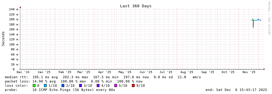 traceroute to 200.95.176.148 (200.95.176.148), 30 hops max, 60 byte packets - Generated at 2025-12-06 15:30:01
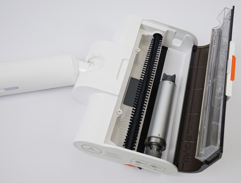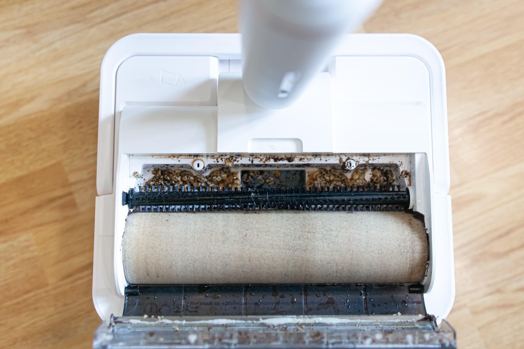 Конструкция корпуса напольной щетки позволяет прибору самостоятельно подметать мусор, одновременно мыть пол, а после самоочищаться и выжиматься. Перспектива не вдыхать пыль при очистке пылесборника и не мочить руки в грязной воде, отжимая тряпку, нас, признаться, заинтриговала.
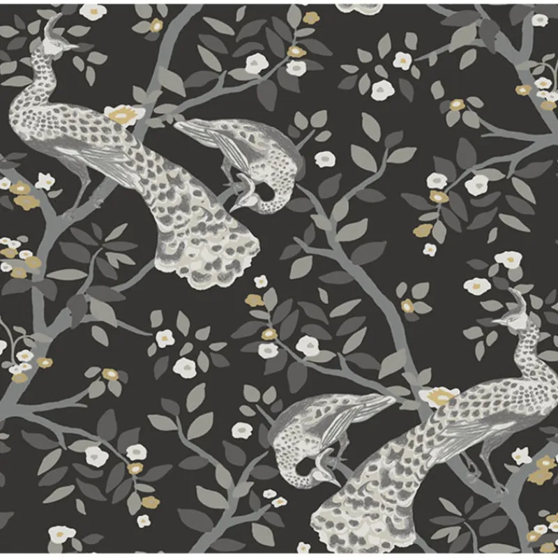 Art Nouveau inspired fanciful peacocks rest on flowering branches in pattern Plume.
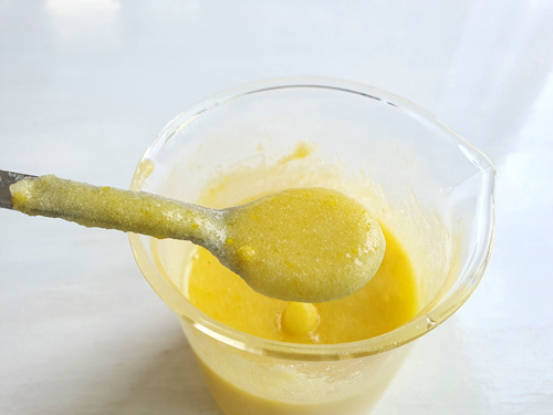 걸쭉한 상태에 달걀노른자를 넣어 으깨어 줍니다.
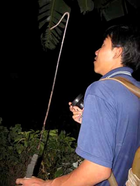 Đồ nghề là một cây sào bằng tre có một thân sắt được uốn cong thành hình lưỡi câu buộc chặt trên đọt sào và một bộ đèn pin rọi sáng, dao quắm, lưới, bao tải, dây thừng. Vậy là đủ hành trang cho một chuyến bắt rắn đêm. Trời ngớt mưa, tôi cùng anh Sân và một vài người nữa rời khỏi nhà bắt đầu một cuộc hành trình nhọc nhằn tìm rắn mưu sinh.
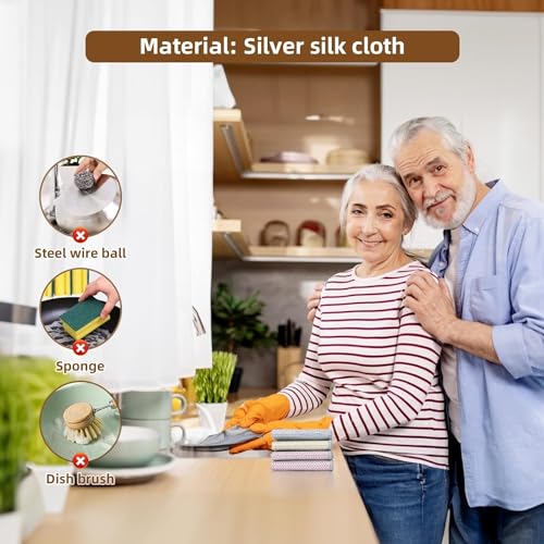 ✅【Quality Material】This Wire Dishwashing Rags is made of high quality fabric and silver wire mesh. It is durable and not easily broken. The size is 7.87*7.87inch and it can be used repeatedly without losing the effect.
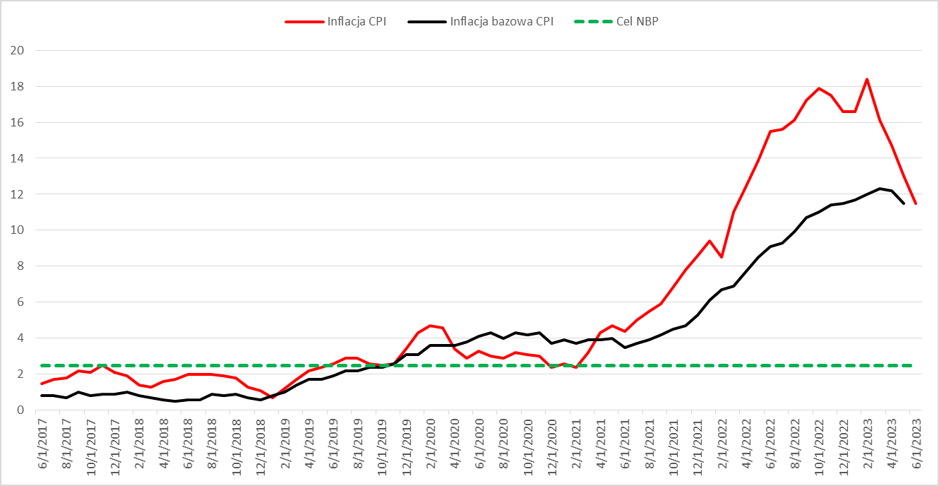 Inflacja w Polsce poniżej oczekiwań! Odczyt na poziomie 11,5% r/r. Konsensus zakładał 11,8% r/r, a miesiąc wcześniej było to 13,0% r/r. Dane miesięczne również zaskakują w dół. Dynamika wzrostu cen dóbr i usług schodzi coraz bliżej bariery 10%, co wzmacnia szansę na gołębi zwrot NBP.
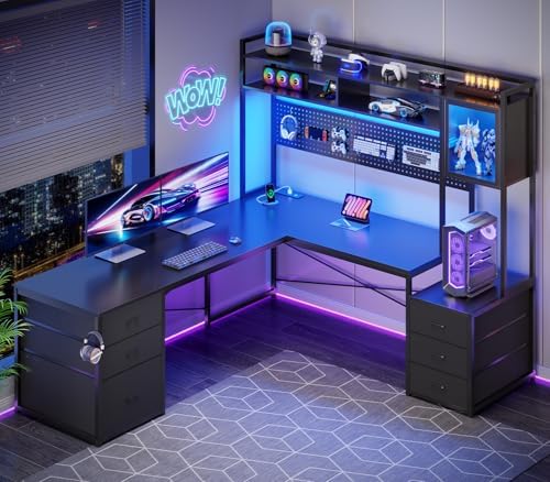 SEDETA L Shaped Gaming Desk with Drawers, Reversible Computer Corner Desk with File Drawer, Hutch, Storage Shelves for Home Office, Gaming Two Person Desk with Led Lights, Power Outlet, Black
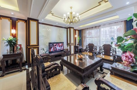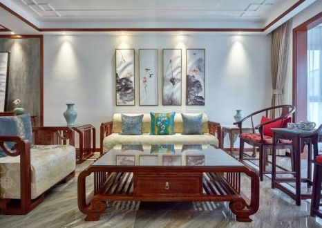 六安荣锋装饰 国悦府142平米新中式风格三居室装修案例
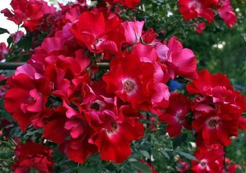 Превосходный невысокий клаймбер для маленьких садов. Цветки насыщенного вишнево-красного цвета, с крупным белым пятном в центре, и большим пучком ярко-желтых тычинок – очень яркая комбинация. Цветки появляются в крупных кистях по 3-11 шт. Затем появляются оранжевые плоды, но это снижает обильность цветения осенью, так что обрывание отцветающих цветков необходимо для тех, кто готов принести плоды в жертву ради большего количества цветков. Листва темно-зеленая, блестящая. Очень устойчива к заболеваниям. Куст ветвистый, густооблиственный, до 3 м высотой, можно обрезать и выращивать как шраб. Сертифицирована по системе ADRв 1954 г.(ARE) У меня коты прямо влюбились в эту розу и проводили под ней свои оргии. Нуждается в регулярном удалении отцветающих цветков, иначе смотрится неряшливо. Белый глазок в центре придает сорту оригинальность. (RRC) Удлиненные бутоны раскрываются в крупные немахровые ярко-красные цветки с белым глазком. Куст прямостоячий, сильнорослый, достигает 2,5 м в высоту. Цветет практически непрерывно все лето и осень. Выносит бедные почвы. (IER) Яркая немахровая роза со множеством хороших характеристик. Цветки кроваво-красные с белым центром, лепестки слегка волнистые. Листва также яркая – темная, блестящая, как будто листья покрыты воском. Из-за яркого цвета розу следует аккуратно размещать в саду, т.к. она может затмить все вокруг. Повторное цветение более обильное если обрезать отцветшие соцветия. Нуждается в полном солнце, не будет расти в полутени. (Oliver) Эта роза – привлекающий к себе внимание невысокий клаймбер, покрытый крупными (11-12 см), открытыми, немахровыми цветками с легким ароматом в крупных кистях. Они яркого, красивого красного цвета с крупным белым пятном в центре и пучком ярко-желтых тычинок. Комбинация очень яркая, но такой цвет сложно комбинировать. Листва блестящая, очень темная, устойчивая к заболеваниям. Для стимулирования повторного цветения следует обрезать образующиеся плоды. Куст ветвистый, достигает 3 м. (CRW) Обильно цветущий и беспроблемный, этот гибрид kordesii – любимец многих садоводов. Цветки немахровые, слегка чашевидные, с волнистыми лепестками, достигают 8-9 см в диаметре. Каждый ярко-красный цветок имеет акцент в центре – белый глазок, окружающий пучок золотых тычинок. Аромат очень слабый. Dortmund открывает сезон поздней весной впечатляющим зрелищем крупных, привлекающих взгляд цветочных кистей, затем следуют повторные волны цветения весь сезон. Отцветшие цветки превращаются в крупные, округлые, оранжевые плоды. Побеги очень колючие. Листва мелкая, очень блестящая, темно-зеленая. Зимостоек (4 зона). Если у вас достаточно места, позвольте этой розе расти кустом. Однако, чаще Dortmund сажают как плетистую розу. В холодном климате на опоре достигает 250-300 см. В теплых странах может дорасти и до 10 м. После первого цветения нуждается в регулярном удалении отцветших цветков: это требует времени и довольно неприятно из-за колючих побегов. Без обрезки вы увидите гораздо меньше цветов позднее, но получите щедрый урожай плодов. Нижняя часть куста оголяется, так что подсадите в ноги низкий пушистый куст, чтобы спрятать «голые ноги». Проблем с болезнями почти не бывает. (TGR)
——————————
## WORK INSTRUCTIONS
Make an exact copy of the data, leaving its pictures out.

## SOLUTION TO THE PROBLEM
 traceroute to 200.95.176.148 (200.95.176.148), 30 hops max, 60 byte packets - Generated at 2025-12-06 15:30:01
 Конструкция корпуса напольной щетки позволяет прибору самостоятельно подметать мусор, одновременно мыть пол, а после самоочищаться и выжиматься. Перспектива не вдыхать пыль при очистке пылесборника и не мочить руки в грязной воде, отжимая тряпку, нас, признаться, заинтриговала.
 Art Nouveau inspired fanciful peacocks rest on flowering branches in pattern Plume.
 걸쭉한 상태에 달걀노른자를 넣어 으깨어 줍니다.
 Đồ nghề là một cây sào bằng tre có một thân sắt được uốn cong thành hình lưỡi câu buộc chặt trên đọt sào và một bộ đèn pin rọi sáng, dao quắm, lưới, bao tải, dây thừng. Vậy là đủ hành trang cho một chuyến bắt rắn đêm. Trời ngớt mưa, tôi cùng anh Sân và một vài người nữa rời khỏi nhà bắt đầu một cuộc hành trình nhọc nhằn tìm rắn mưu sinh.
 ✅【Quality Material】This Wire Dishwashing Rags is made of high quality fabric and silver wire mesh. It is durable and not easily broken. The size is 7.87*7.87inch and it can be used repeatedly without losing the effect.
 Inflacja w Polsce poniżej oczekiwań! Odczyt na poziomie 11,5% r/r. Konsensus zakładał 11,8% r/r, a miesiąc wcześniej było to 13,0% r/r. Dane miesięczne również zaskakują w dół. Dynamika wzrostu cen dóbr i usług schodzi coraz bliżej bariery 10%, co wzmacnia szansę na gołębi zwrot NBP.
 SEDETA L Shaped Gaming Desk with Drawers, Reversible Computer Corner Desk with File Drawer, Hutch, Storage Shelves for Home Office, Gaming Two Person Desk with Led Lights, Power Outlet, Black
 六安荣锋装饰 国悦府142平米新中式风格三居室装修案例
 Превосходный невысокий клаймбер для маленьких садов. Цветки насыщенного вишнево-красного цвета, с крупным белым пятном в центре, и большим пучком ярко-желтых тычинок – очень яркая комбинация. Цветки появляются в крупных кистях по 3-11 шт. Затем появляются оранжевые плоды, но это снижает обильность цветения осенью, так что обрывание отцветающих цветков необходимо для тех, кто готов принести плоды в жертву ради большего количества цветков. Листва темно-зеленая, блестящая. Очень устойчива к заболеваниям. Куст ветвистый, густооблиственный, до 3 м высотой, можно обрезать и выращивать как шраб. Сертифицирована по системе ADRв 1954 г.(ARE) У меня коты прямо влюбились в эту розу и проводили под ней свои оргии. Нуждается в регулярном удалении отцветающих цветков, иначе смотрится неряшливо. Белый глазок в центре придает сорту оригинальность. (RRC) Удлиненные бутоны раскрываются в крупные немахровые ярко-красные цветки с белым глазком. Куст прямостоячий, сильнорослый, достигает 2,5 м в высоту. Цветет практически непрерывно все лето и осень. Выносит бедные почвы. (IER) Яркая немахровая роза со множеством хороших характеристик. Цветки кроваво-красные с белым центром, лепестки слегка волнистые. Листва также яркая – темная, блестящая, как будто листья покрыты воском. Из-за яркого цвета розу следует аккуратно размещать в саду, т.к. она может затмить все вокруг. Повторное цветение более обильное если обрезать отцветшие соцветия. Нуждается в полном солнце, не будет расти в полутени. (Oliver) Эта роза – привлекающий к себе внимание невысокий клаймбер, покрытый крупными (11-12 см), открытыми, немахровыми цветками с легким ароматом в крупных кистях. Они яркого, красивого красного цвета с крупным белым пятном в центре и пучком ярко-желтых тычинок. Комбинация очень яркая, но такой цвет сложно комбинировать. Листва блестящая, очень темная, устойчивая к заболеваниям. Для стимулирования повторного цветения следует обрезать образующиеся плоды. Куст ветвистый, достигает 3 м. (CRW) Обильно цветущий и беспроблемный, этот гибрид kordesii – любимец многих садоводов. Цветки немахровые, слегка чашевидные, с волнистыми лепестками, достигают 8-9 см в диаметре. Каждый ярко-красный цветок имеет акцент в центре – белый глазок, окружающий пучок золотых тычинок. Аромат очень слабый. Dortmund открывает сезон поздней весной впечатляющим зрелищем крупных, привлекающих взгляд цветочных кистей, затем следуют повторные волны цветения весь сезон. Отцветшие цветки превращаются в крупные, округлые, оранжевые плоды. Побеги очень колючие. Листва мелкая, очень блестящая, темно-зеленая. Зимостоек (4 зона). Если у вас достаточно места, позвольте этой розе расти кустом. Однако, чаще Dortmund сажают как плетистую розу. В холодном климате на опоре достигает 250-300 см. В теплых странах может дорасти и до 10 м. После первого цветения нуждается в регулярном удалении отцветших цветков: это требует времени и довольно неприятно из-за колючих побегов. Без обрезки вы увидите гораздо меньше цветов позднее, но получите щедрый урожай плодов. Нижняя часть куста оголяется, так что подсадите в ноги низкий пушистый куст, чтобы спрятать «голые ноги». Проблем с болезнями почти не бывает. (TGR)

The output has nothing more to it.